Sharp

DRINKS

Natural wine might be the best thing to happen to winemaking since screwtops

- BY JEREMY FREED

What sets natural wines apart (for one thing: milder hangovers), and where to find the best bottles.

AFTER THOUSANDS OF YEARS OF refinement you might think that winemakers would have perfected their product by now. Turns out all that refinement might have been part of the problem. Mass-produced wine is to natural wine what autotuned pop music is to a singer-songwriter with a guitar and a broken heart. It’s all about individual­ity and character, and you either like it or you don’t. While there is no official designatio­n for natural wine, it’s made using organic and biodynamic methods, meaning winemakers do everything in their power to let nature do its thing, interferin­g as little as possible. Natural wines are also produced without filtration or additives to influence colour and taste, so the purest expression of grapes and soil comes through, no matter how funky, earthy or orange-tinted it may be. Natural wines don’t taste like anything you’ve ever had before, and that’s entirely the point.

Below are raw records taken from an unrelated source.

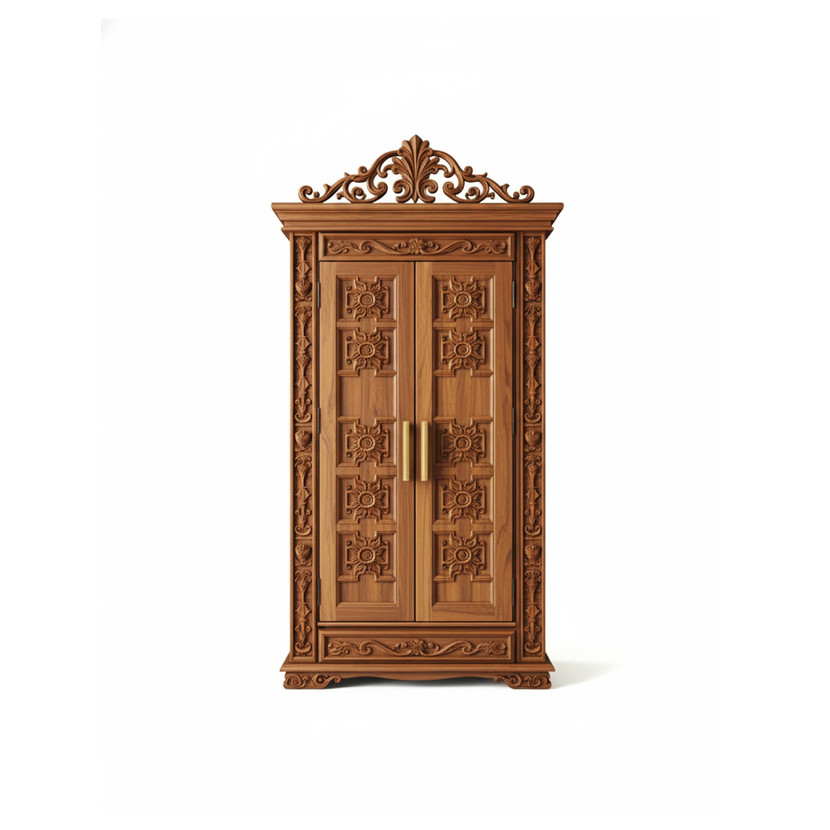 Bring timeless heritage and refined elegance into your living space with our bespoke hand-carved wooden almirah. More than a storage unit, this wardrobe is a statement of traditional craftsmanship—where functional design meets sculptural beauty.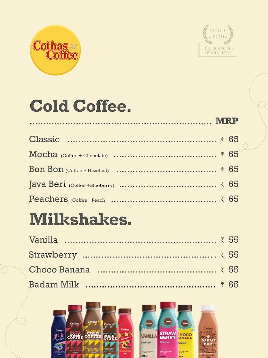 “ Cothas Coffee, Mylapore – A Coffee Lover’s Paradise Nestled in the bustling streets of Mylapore, Cothas Coffee is a haven for true coffee enthusiasts. Though small in size, this cozy and compact coffee joint offers an experience that is rich in flavor and aroma, making it an unmissable spot for those who appreciate a good cup of coffee. From the moment you step in, the inviting aroma of freshly brewed coffee greets you, setting the perfect tone for your visit. The ambiance, though minimalistic, has its own charm. It’s the kind of place where you can enjoy a quiet moment of indulgence amidst the vibrant neighborhood. Cothas Coffee offers a selection of coffees that cater to a variety of palates. The brews are perfectly balanced, showcasing the brand’s expertise in crafting an authentic coffee experience. Pair your coffee with one of the light snacks available, and you’re in for a delightful treat. What truly stands out is the pricing. Despite the high-quality coffee and the brand’s legacy, the prices are incredibly reasonable, making it accessible for everyone. Whether you’re a casual coffee drinker or a connoisseur, you’ll find the offerings here worth every penny. While the space is compact, it adds to the overall charm, creating an intimate setting that feels personal and inviting. It’s perfect for a quick coffee break, a casual catch-up, or simply enjoying some time on your own. Cothas Coffee in Mylapore is a gem for anyone who values authentic coffee experiences. Highly recommended for its quality, affordability, and the sheer joy of sipping a perfectly brewed cup in a quaint setting. Don’t miss it if you’re in the area—you’re sure to leave with a smile and a newfound appreciation for coffee! ”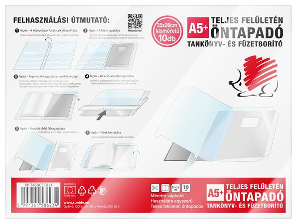 Öntapadós füzetborító amely egyszerűen felhelyezhető – csak húzd le a védőfóliát, vágd az adott füzet méretére, és simítsd el!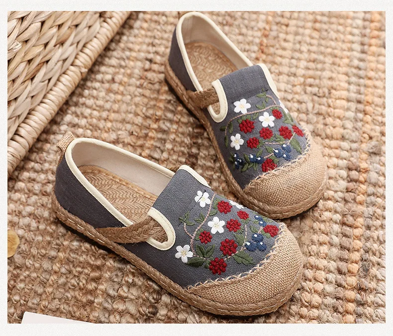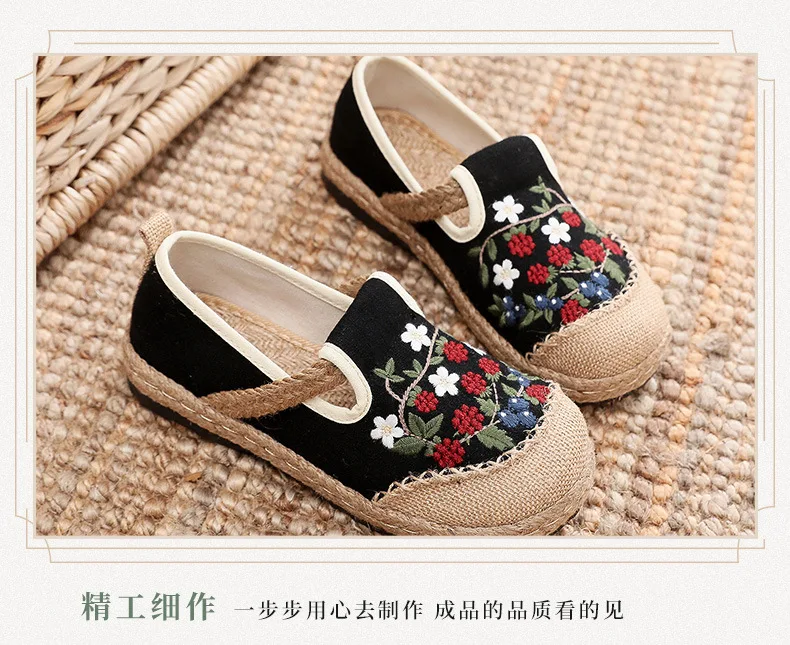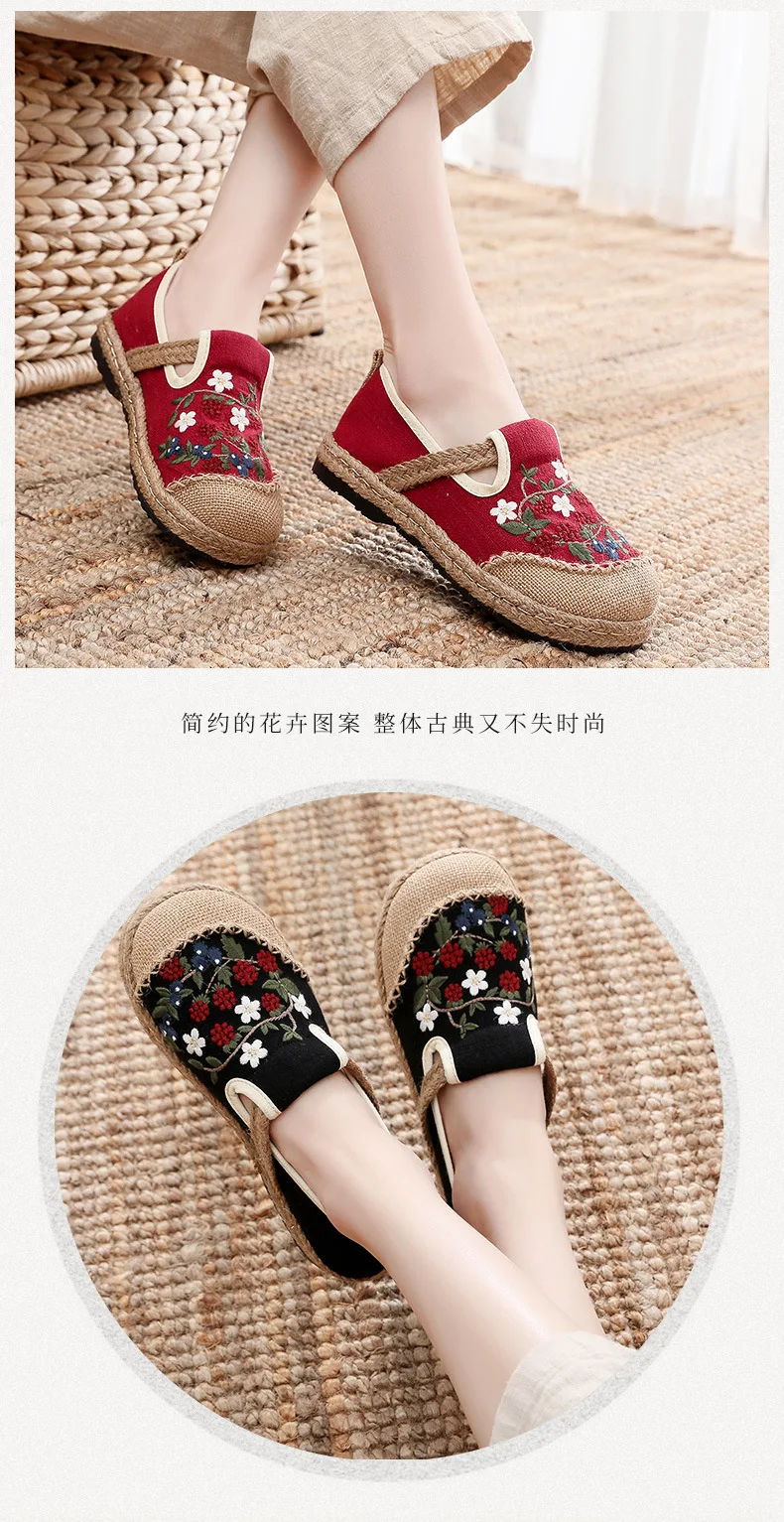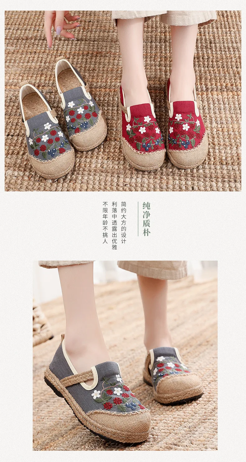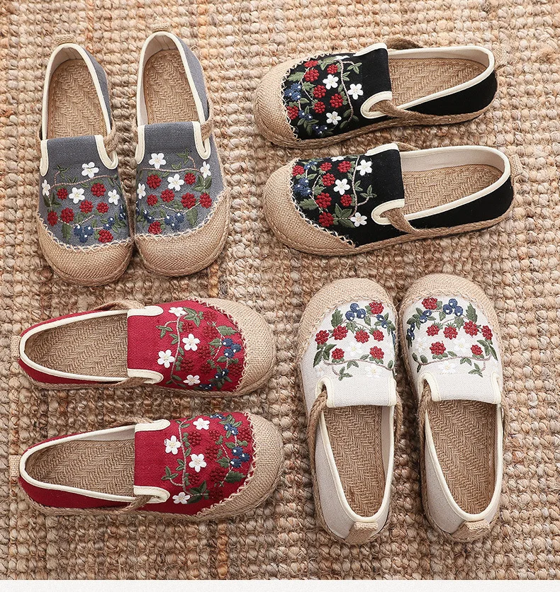 2022 Women Linen Canvas Shoes Retro Bohemian Slip-On Flat Comfortable Loafers Ladies Casual Embroidered Hemp Sole Sneakers

While you’ll find Burgundy pinot noir and Italian Chianti made the natural way, much of the appeal of natural wine is its eclecticis­m, meaning regions and grapes you’ve never heard of. Because terroir is prized above all else, and growing conditions vary widely from region to region and year to year, you never really know what you’re going to get, regardless of what you think you know about chardonnay or shiraz. Plus, thanks to lower sulfites, natural wines are also believed to cause milder hangovers. It took about 5,000 years, but winemakers finally seem to have got this whole thing figured. Less might be more after all.